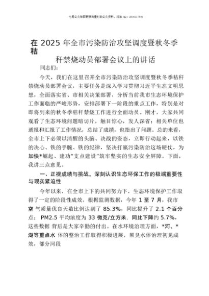【七哥公文】2025年:在2025年全市污染防治攻坚调度暨秋冬季秸秆禁烧动员部署会议上的讲话+更多免费公文+VX:QiGeGongWen2024
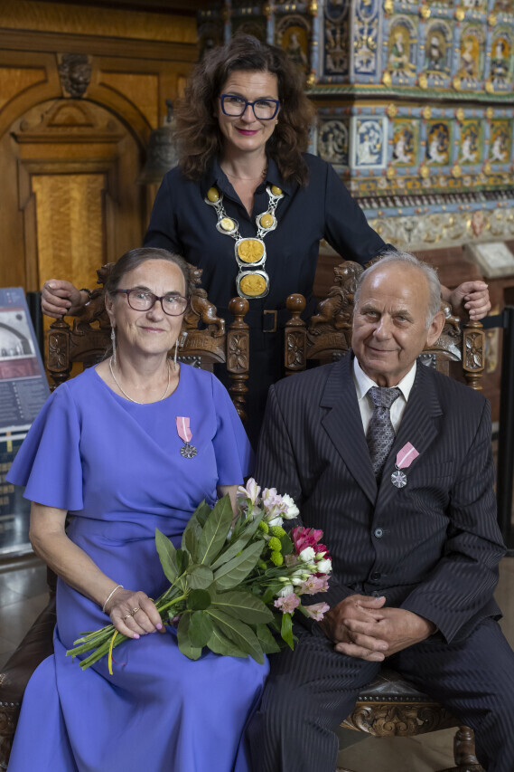 Gdańsk. Dwór Artusa. Jubileusz Par Małżeńskich - Złote Gody, podczas których Prezydent Gdańska Aleksandra Dulkiewicz wręczyła medale za długoletnie pożycie małżeńskie.
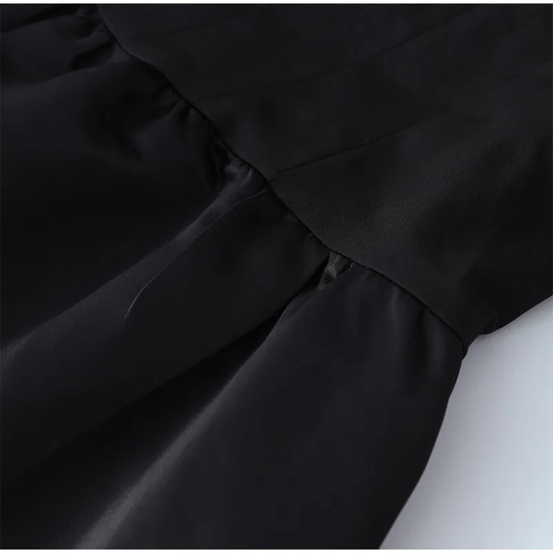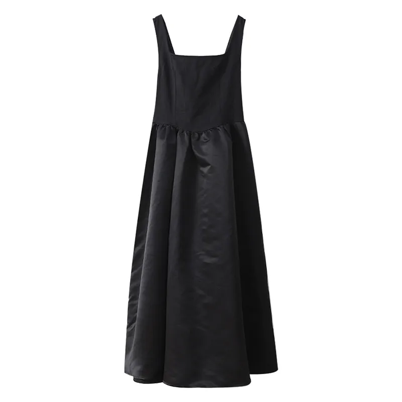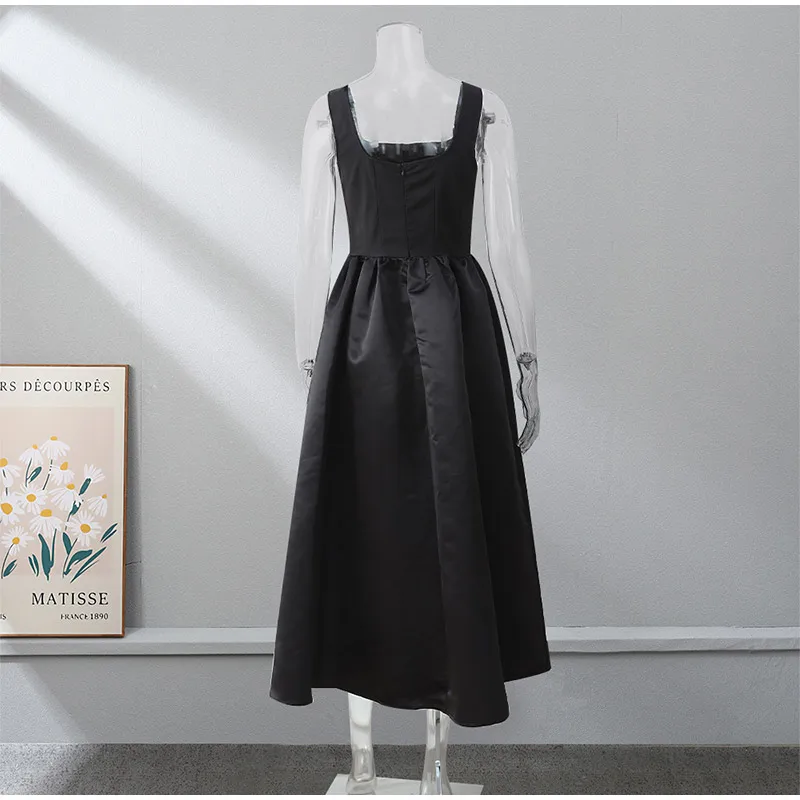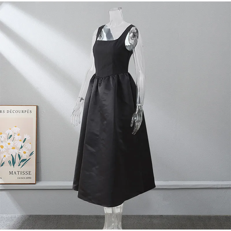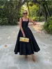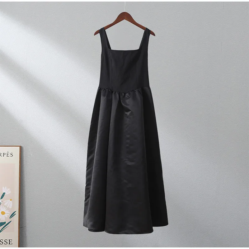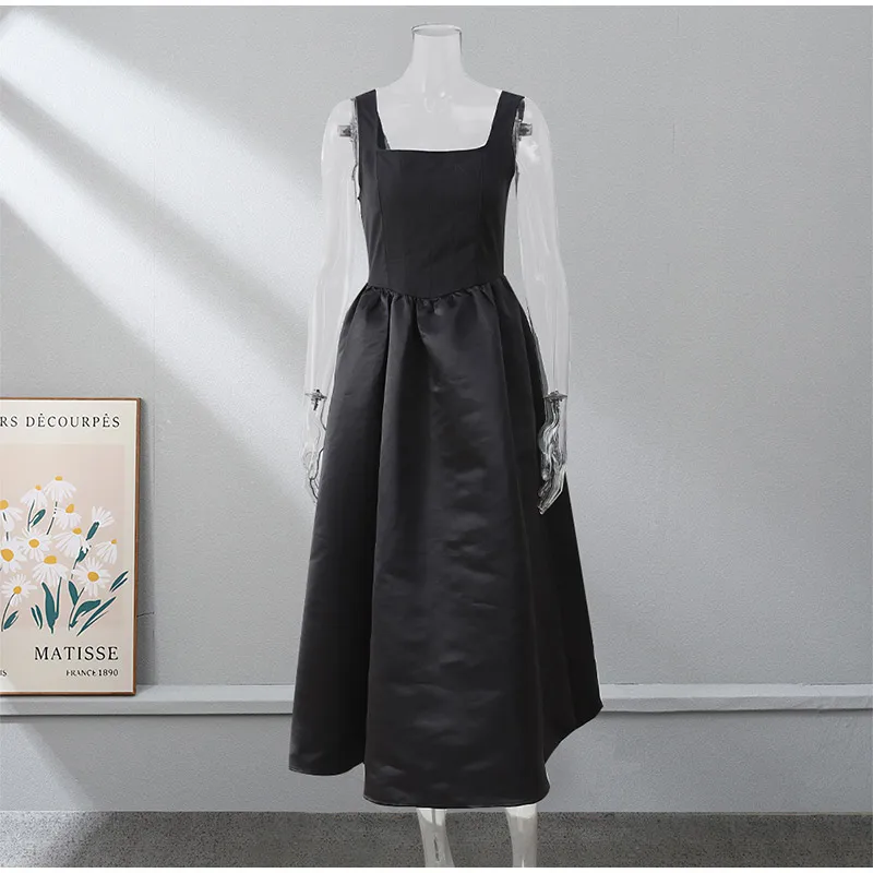 Victoria Vogue Elegant Black Sleeveless Women Sling Maxi Dress Fashion Square Neck Pleated Hem A-line Dresses Summer Lady Chic High Street Robe
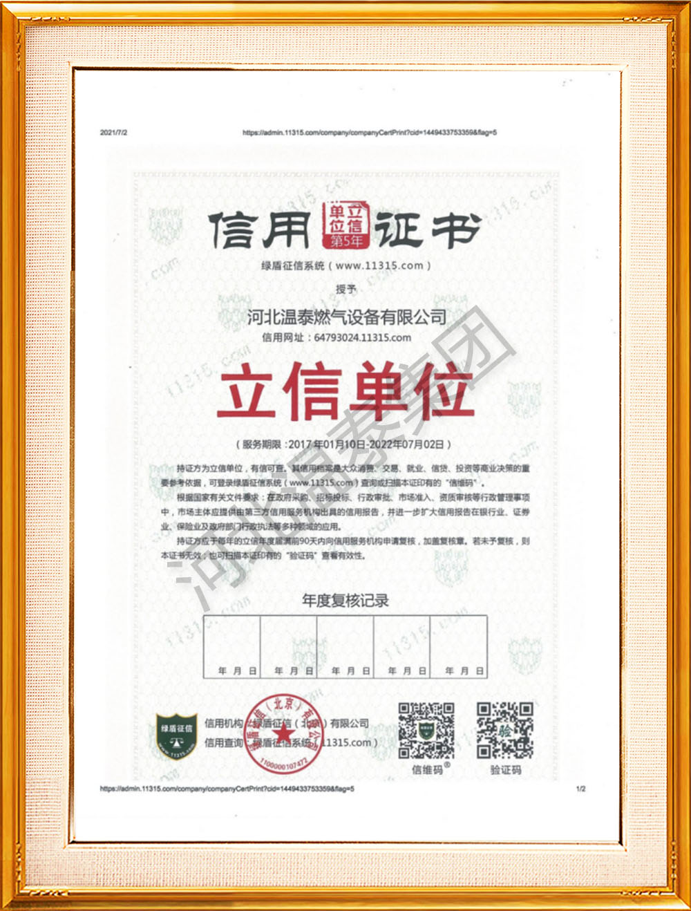 立信單位信用證書 -
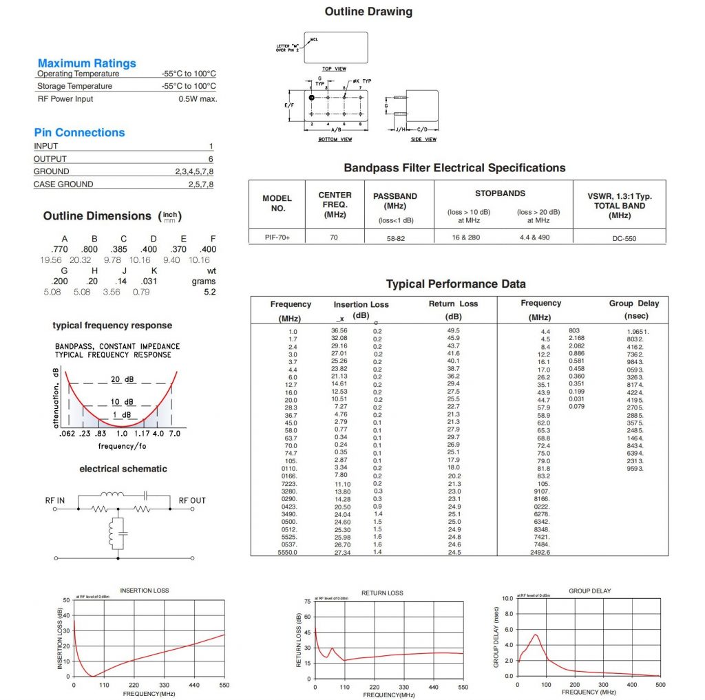 50Ω Constant Impedance 58 to 82 MHz Bandpass Filter
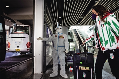 国航地服工作人员正在指引意大利运动员有序登车。A06-A07版摄影/新京报记者 陶冉 通讯员 汪洋
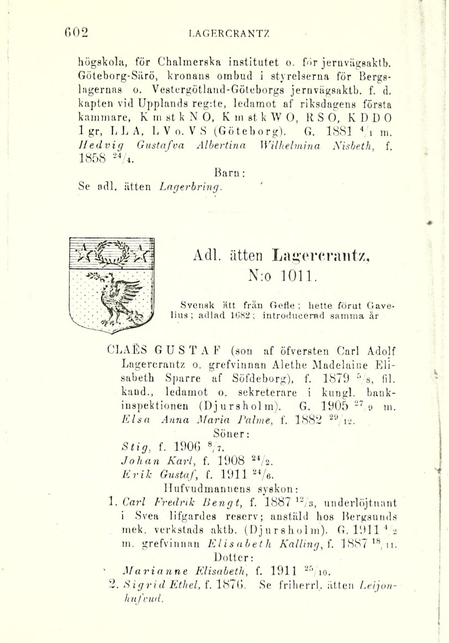 CLAËS G U S T A F (son uf öfversten Carl Adolf
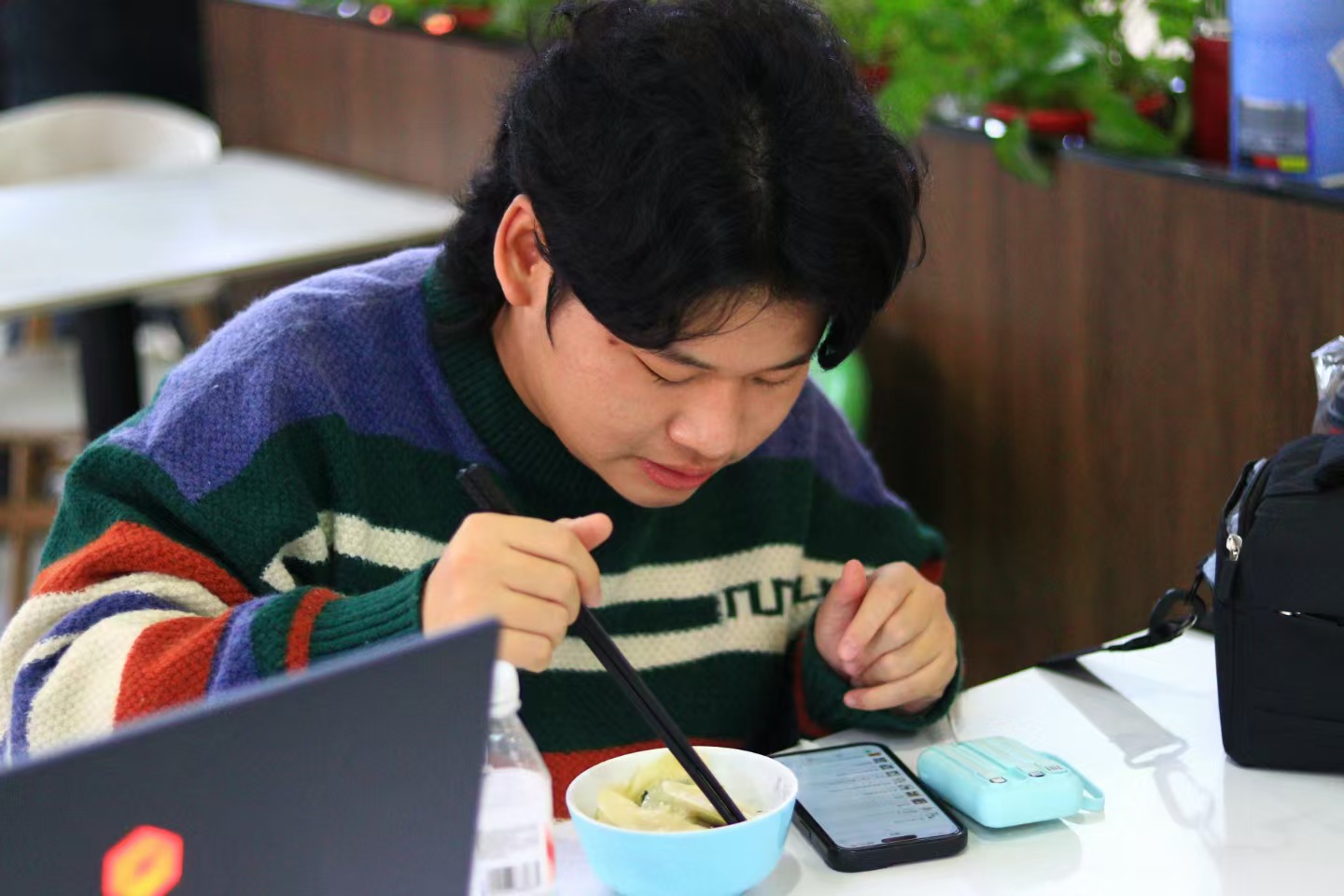 紧张刺激的吃饺子比赛将现场气氛推向高潮,参赛选手们争分夺秒又不失文明风采,台下观众的加油呐喊声此起彼伏,既展现了青年学子的活力朝气,也让集体荣誉感在互动中悄然升温。活动期间,学院文艺骨干带来的歌曲串烧更将艺术之美与节日氛围完美融合,为活动增添浓厚文化气息。
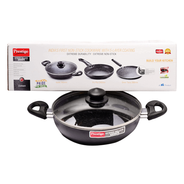 • This cookware set contains a frying pan- 240mm Dia, Kadai 240mm Dia, Omni tawa 280mm Dia
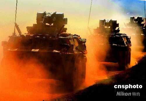 9月25日上午,中國(guó)人民解放軍“礪兵--2008”演習(xí)在塞北大漠展開(kāi)。這場(chǎng)演習(xí)是一場(chǎng)在復(fù)雜地形、復(fù)雜電磁環(huán)境、作戰(zhàn)信息“背靠背”情況下,跨軍區(qū)聯(lián)合、多兵種協(xié)同、陸航空一體、實(shí)兵檢驗(yàn)性戰(zhàn)術(shù)集團(tuán)立體機(jī)動(dòng)攻防戰(zhàn)斗演習(xí)。中新社發(fā) 宋吉河 攝
┄┄┄┄┄┄┄┄┄┄┄┄┄┄┄┄┄┄┄┄
_EXERCISE_. From the line containing "CLAËS G U S" through the last line of the entries, copy each line exactly and only those, skipping all pictures.

_OUTPUT_.
 CLAËS G U S T A F (son uf öfversten Carl Adolf
 紧张刺激的吃饺子比赛将现场气氛推向高潮,参赛选手们争分夺秒又不失文明风采,台下观众的加油呐喊声此起彼伏,既展现了青年学子的活力朝气,也让集体荣誉感在互动中悄然升温。活动期间,学院文艺骨干带来的歌曲串烧更将艺术之美与节日氛围完美融合,为活动增添浓厚文化气息。
 • This cookware set contains a frying pan- 240mm Dia, Kadai 240mm Dia, Omni tawa 280mm Dia
 9月25日上午,中國(guó)人民解放軍“礪兵--2008”演習(xí)在塞北大漠展開(kāi)。這場(chǎng)演習(xí)是一場(chǎng)在復(fù)雜地形、復(fù)雜電磁環(huán)境、作戰(zhàn)信息“背靠背”情況下,跨軍區(qū)聯(lián)合、多兵種協(xié)同、陸航空一體、實(shí)兵檢驗(yàn)性戰(zhàn)術(shù)集團(tuán)立體機(jī)動(dòng)攻防戰(zhàn)斗演習(xí)。中新社發(fā) 宋吉河 攝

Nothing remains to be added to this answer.